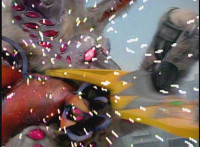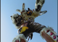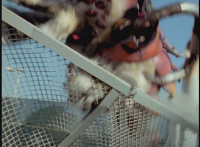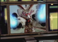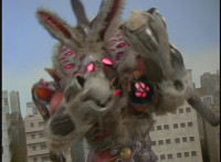 Donkeyvac begins to fire fruit from his nostrils at Thundersaurus Megazord, spark bursting it and shaking up the cockpit and it repeatedly fires. Next, Donkeyvac zaps it with electricity, which turns from blue to red as it reverses back into the monster, drawing the Megazord closer until it makes bodily contact with Donkeyvac's arms. The monster's eyes flash, and the Megazord crackles and sparks, writhing about, while in the cockpit, Red nod-talks to his Morpher. |
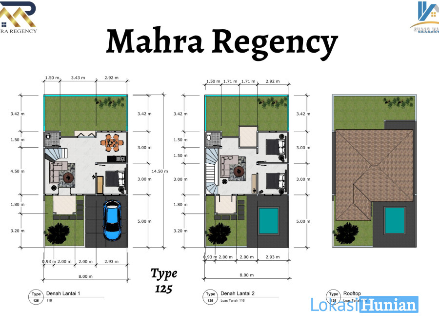 Type 125, rumah 2 lantai dengan luas bangunan 125 m2 dan luas tanah 116 m2.
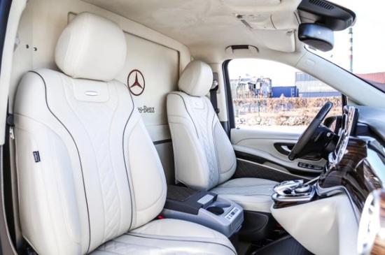 首先是一开门您回发现这款奔驰V260采用的是前后排隔断的处理方式,更好的为大家提供隐秘性并且大大提升了后排的娱乐体验。

Prompt: Repeat exactly the lines from the one containing "Type 125, rumah" to the last line of the data above, both included, and write no pictures into the copy.

Task answer:
 Type 125, rumah 2 lantai dengan luas bangunan 125 m2 dan luas tanah 116 m2.
 首先是一开门您回发现这款奔驰V260采用的是前后排隔断的处理方式,更好的为大家提供隐秘性并且大大提升了后排的娱乐体验。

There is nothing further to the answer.